Ask HN: How valuable and useful are Professional Certificates?
Various reputable universities seem to be offer Professional Certificates in relevant topics, many of which can be done online, getting around geographical constraints - often the costs are more approachable too. The courses themselves are the proper university courses for the topic, just offered online. Complete a prescribed handful of them over a year or more, and you get a Professional Certificate in said topic.
Are these Professional Certificates worthwhile? We can discuss this from both a substance basis, in terms of knowledge and skills gained, but also from a 'real world results' basis, in terms of enhanced career prospects. Also, we can consider a specific example (though I'm interested in the general view as well), such as the 'AI Professional Certificate from Stanford University' or similar.
As a bonus question, how would such a Certificate compare as opposed to doing a full Master's program at a second-rate school?
Would love to hear your experiences and opinions, both from Certificate holders as well as employers and hiring managers who have come across these.
A profession at the very least has a central governing body that is regulated and hands out certificates that have an inherent value because they enable the holder to do something that is typically restricted unless you hold it: law, medicine, accountancy.
The certificates you speak of are typically designed by commercial entities that are usually there to make money off people through education rather than regulate and control how their services are delivered.

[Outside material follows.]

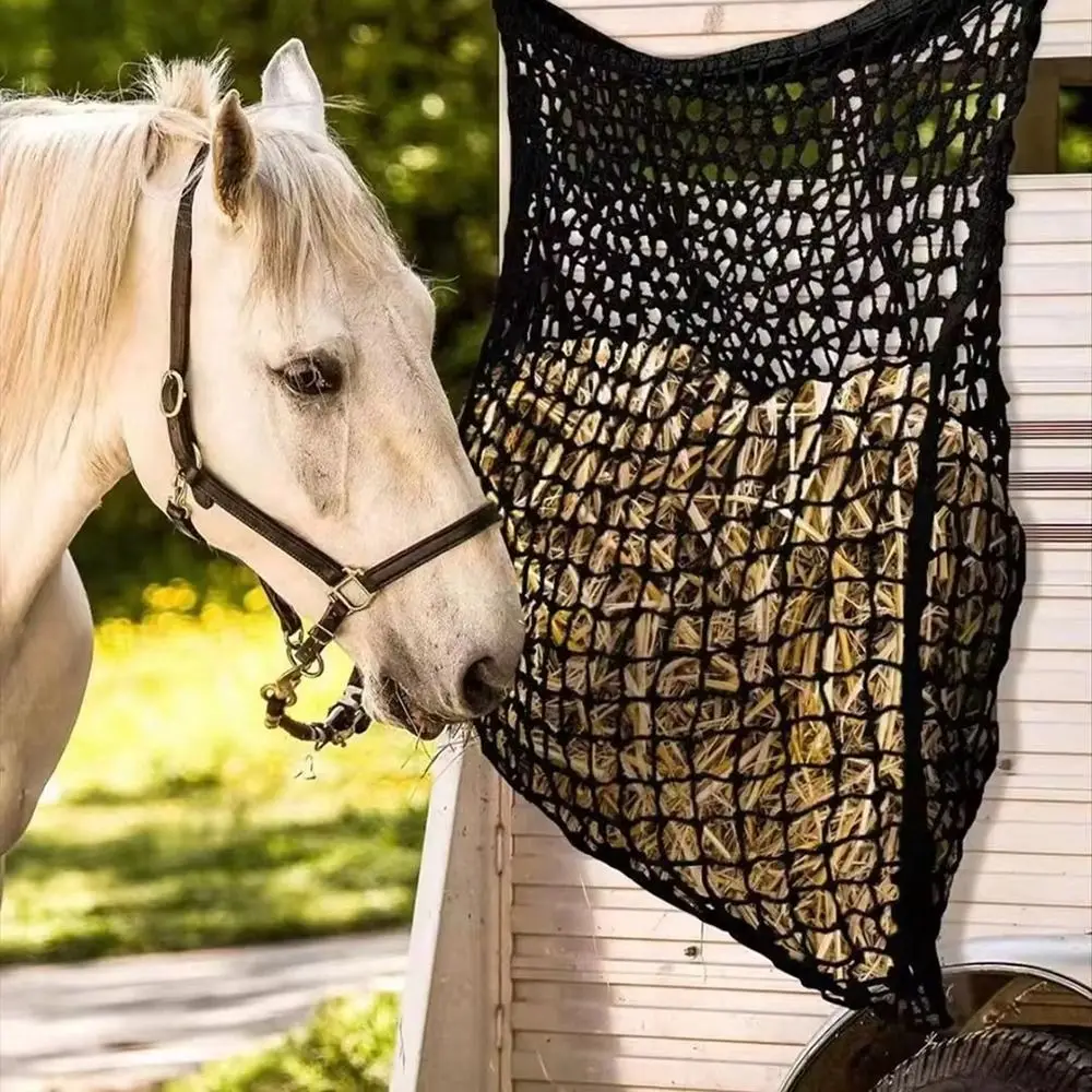 - Soft but strong with the perfect size holes(3x3cm) to not frustrate the horse, but still allow the horse to eat more slowly.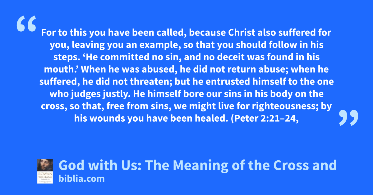 For to this you have been called, because Christ also suffered for you, leaving you an example, so that you should follow in his steps. ‘He committed no sin, and no deceit was found in his mouth.’ When he was abused, he did not return abuse; when he suffered, he did not threaten; but he entrusted himself to the one who judges justly. He himself bore our sins in his body on the cross, so that, free from sins, we might live for righteousness; by his wounds you have been healed. (Peter 2:21–24,

So are they worthwhile in the real world? IMO no, someone who can demonstrate their ability to apply their skills as a dev in order to solve my business needs is much more attractive than someone who’s completed a course about how to use LangChain but hasn’t got a clue how to apply that to a real world problem.
For your bonus q, I can only speak to my own experience, but even holding an LLM in corporate tax from King’s College London was not a significant enough advantage when I was applying to become a lawyer 20 years ago - the firms wanted people with commercial knowledge and practical experience then, and I doubt anything has changed now - whether for law firms or software companies.